People might be interested in a podcast interview I did with Jan Leike about the superalignment team and plan: https://axrp.net/episode/2023/07/27/episode-24-superalignment-jan-leike.html

predicts NO

I'm frankly astonished by the consensus of 20% of success, which seems ridiculously over-optimistic to me.

bought Ṁ1,000 of NO

I know Ilya Sutskever is widely regarded as a genius but "solving the core technical challenges of superintelligence alignment in four years" even by their own estimation, let's be serious.

predicts NO

@ersatz Always look at the resolution criteria: "If the team believes they have succeeded in this goal of "solv[ing] the core technical challenges of superintelligence alignment in four years" by their own estimation by July 5th, 2027, this market will resolve YES." Now it mostly depends on one's estimation of how honest the Superalignment team will be.

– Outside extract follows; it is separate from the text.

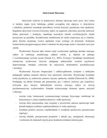 Aktywność fizyczna. Aktywność ruchowa to podstawowy element zdrowego stylu życia. Jest ważna w każdym etapie życia ludzkiego, jednak szczególną rolę odgrywa w dzieciństwie i młodości, ponieważ warunkuje prawidłowy rozwój fizyczny, psychiczny oraz społeczny. Regularna aktywność wywiera korzystny wpływ na organizm człowieka, pozwala zachować dobrą sprawność i kondycję, zapobiega rozwojowi chorób cywilizacyjnych, działa pozytywnie na psychikę. Kształtowanie zamiłowania do ruchu rozpoczyna się w rodzinie, gdzie dziecko przejmuje wzorce spędzania czasu wolnego od dorosłych. Kolejnym środowiskiem przygotowującym dzieci i młodzież do aktywnego ruchu w dorosłym życiu jest szkoła. Wychowanie fizyczne jako istotna część wychowania ogólnego posiada znaczący wpływ na realizację zasadniczego zadania szkoły, tj. dążenia do pełnego i wszechstronnego rozwoju ucznia (Sienek Cz., 2001). Ćwicząc i kształtując niezależność somatyczną wychowanie doprowadzając młodego fizyczne człowieka pielęgnuje do jednocześnie najwyższej wartości doskonałości psychiczne psychofizycznej i moralnej. Wychowanie fizyczne integracyjnie i subdyscyplinarnie związane z funkcjami pedagogiki ogólnej umacnia zdrowie oraz sprawność człowieka. Wychowując kształtuje cechy psychiczne, tj. osobowość, postawy etyczne, społeczne, intelekt (Ostrowski K., 2000). Posługując się takimi formami jak gimnastyka, gry i zabawy ruchowe, gry zespołowe, ćwiczenia przy muzyce, lekkoatletyka wywiera znaczący wpływ na rozwój psychomotoryczny wychowanków. Ponadto wykorzystując elementy sportu, turystyki i rekreacji: - rozwija wolę, konieczność systematycznego treningu fizycznego, mobilizuje do koncentracji w czasie współzawodnictwa i walki sportowej; - rozwija sferę emocjonalną, stan związany z przeżyciem sukcesu sportowego bądź porażki będącej wynikiem współzawodnictwa w walce sportowej: - kształtuje postawy etyczne, współdziałanie w wysiłkach sportowych, poszanowanie reguł gry; - rozwija intelekt, poszanowanie przepisów i taktyki gry, umiejętność obserwacji i rozłożenia sił, doskonali zmysły przez konkretne działania lokomocyjne; - współdziała z wychowaniem estetycznym, kształtuje piękno ciała ludzkiego i kompozycje ruchów w różnych dyscyplinach sportu (Ostrowski K., 2000). W świadomości społecznej wychowanie fizyczne spełnia rolę dualistyczną. Z jednej strony stanowi istotny składnik procesu ogólnego wychowania, którego celem jest wszechstronnie rozwinięty człowiek. Z drugiej strony jest elementem działania, czynnikiem kształtującym. Stanowi ono fundament pożądanej i prawidłowej funkcji fizjologicznej organizmu, adaptuje do wysiłków i warunków środowiskowych budując podstawy form aktywności fizycznej człowieka. Wychowanie fizyczne jako element działania dąży do możliwie pełnego wykorzystania czynników i środków pozostających do dyspozycji wychowawcy oraz podopiecznych. Spełniając rolę adaptacyjną, stymulacyjną i korekcyjnodoprowadza kompensacyjną do pełnej realizacji celów w stosunku do każdej jednostki (Ostrowski K., 2000). Intelektualizacja w wychowaniu fizycznym wiąże się z pojęciem nowoczesności w szkolnym wychowaniu fizycznym. Według Henryka Grabowskiego tylko postęp, rozumiany jako dostosowanie działań bieżących do wymagań przeszłości, z równoczesnym wykorzystaniem doświadczeń wyniesionych z przeszłości, można uznać za system nowoczesności (Grabowski H., 1999). Według Grabowskiego kryterium efektywności procesu dydaktyczno – wychowawczego nie jest to, co uczeń robi w szkole, lecz jak żyje po jej ukończeniu. „W przypadku edukacji fizycznej oznacza to priorytet dla kształtowania systemu wartości, nawyków, zamiłowań, przyzwyczajeń i umiejętności służących do odnawiania, podtrzymywania i pomnażania zdrowia, sprawności fizycznej i urody ciała w toku realizacji zadań związanych z zaspokajaniem doraźnych potrzeb dzieci i młodzieży” (Grabowski H., 1999, s. 133). Zdaniem Macieja Demela nowoczesność w szkolnym wychowaniu fizycznym powinna być zgodna z trendami rozwojowymi systemu oświaty, kryjącymi się pod hasłami: - edukacja permanentna, - prospekcja, - autoedukacja, - intelektualizacja, - humanizacja, - indywidualizacja (Demel M., 1973). Uwzględniając zasady edukacji permanentnej, zwanej też ustawiczną, kształcenie to ciągłe podnoszenie kwalifikacji, modernizacja posiadanej wiedzy i umiejętności, odświeżanie, nadążanie za postępem. Tym samym okres przebywania w szkole (podstawowej, gimnazjalnej, ponadgimnazjalnej czy wyższej) nie stanowi zamkniętej, odizolowanej całości. Jest to okres, który powinien zostać wykorzystany na wyposażenie młodego człowieka w dyspozycje decydujące o gotowości i zdolności do dalszego kształcenia się. Edukacja szkolna ma więc wyposażyć ucznia w środki, które pozwolą mu radzić sobie ze stawianymi mu przez życie wymaganiami. Szczególną rolę w tym procesie odgrywa edukacja fizyczna, zwłaszcza w zakresie realizacji celów zdrowotnych oraz w przygotowaniu uczniów do podnoszenia jakości życia aż do późnej starości. Jej zadaniem jest również intelektualne, sprawnościowe i emocjonalne przygotowanie młodzieży do uczestnictwa w rekreacji fizycznej. Bibliografia: 1. Sieniek Cz.: 2001. Planowanie pracy nauczyciela wychowania fizycznego w klasach I – III gimnazjum. Pracownia Wydawnicza „HELVETICA”, Starachowice. 2. Ostrowski K., 2000.: Program Nauczania Wychowania Fizycznego dla klas I – III gimnazjum. Wyd. eMPi2, Poznań 2000. 3. Bielski J., 1996.: Życie jest ruchem, Agencja Promo-Lider, Warszawa. 4. Nowosielski – Sas K., 2003.: Wychowanie do aktywności fizycznej, AWF w Katowicach. 5. Demel M., 1973r, Szkice krytyczne o kulturze fizycznej. Warszawa. Wydawnictwo naukowe PWN. Opracowała: Justyna Wróblewska

@NiplavYushtun And how easy it is to evaluate alignment failures.

predicts YES

alignment has been progressing at a rapid pace!

predicts NO

@Adam That graph's y axis is so wonky.

predicts YES

@parhizj yeah, I agree, also the label is incorrect because it represents alignment, not safety

predicts NO

@Adam I meant I can't tell the trend because the scale is all over the place

predicts YES

@parhizj The log scale is a standard tool scientists use in ploting data. https://en.wikipedia.org/wiki/Logarithmic_scale

predicts NO

@TeddyWeverka I know what log scale is. The problem is the spacing is even between major ticks.

predicts YES

@parhizj This is the nature of a log scale. Note how the gap between 1% and 2% is the same as the gap between 5% and 10%. Log scales have uniform spacing for each factor of 2.

bought Ṁ30 of NO

@Adam this diagram makes the extremely common mistake of conflating "AI Safety" with "preventing bad outputs from LLMs".

predicts YES

@StephenFowler "preventing bad output from llms" is alignment, though; if we can actually prevent bad output, then safety follows as a logical consequence (at least in llms; the approach may not generalize)

predicts NO

@Adam I think that would only be true for a very broad and incoherent definition of "bad output".

@Adam it is a subproblem, but performance on that metric alone is insufficient.

Consider trying to build a chess engine. Decreasing the frequency the engine outputs an illegal move does not guarantee your engine is good at winning games.

predicts YES

It sounds like you need a better definition of "bad output" 😉

bought Ṁ200 of NO

@Adam This is a joke, right?

predicts YES

@KabirKumar I mean, "defining bad output coherently so that we can prevent it" sounds like one of the more reasonable long-term approaches to alignment, at least to me. I certainly agree that it's difficult.

predicts NO

@Adam If I had a definition of "bad output" sufficient to prevent extinction then I would already have an aligned super-intelligence.

predicts YES

@MartinRandall Yes, that's the point!

predicts NO

@MartinRandall I think it's certainly possible to have a super-intelligence which is not aligned and has a perfect track record on any "output" metric. The issue is to what extent you're willing to extrapolate your superintelligence's track record of "no bad output" forward. (You should not do this). "Bad output" is a strong indicator of misalignment but "no bad output" is not a strong indicator of alignment. This is true even with a perfect metric and an indicator that perfectly measures that metric.

predicts YES

@Sailfish if the ai never does unaligned things, is it not then aligned? I guess a counterargument would be an ai that does nothing, but if "no output" is also qualified to be potentially "bad output" then...

predicts NO

@Adam "The AI will never do unaligned things" and "The AI has never done unaligned things" are quite different. Measuring output gives you strong information about one but not the other.

predicts YES

@Sailfish Yes, I agree. I was not saying "an ai that has never done unaligned things is aligned", I was saying "an ai that will never do unaligned things is aligned"

predicts YES

@Adam Proof that alignment is impossible... Yuddites will shut down development with this sophomoric reasoning.

predicts NO

@Sailfish If I had a perfect metric and measure I would filter all outputs through it and then utopia. Of course I would also filter human outputs through the same filter, as they are clearly mostly not aligned with humanity.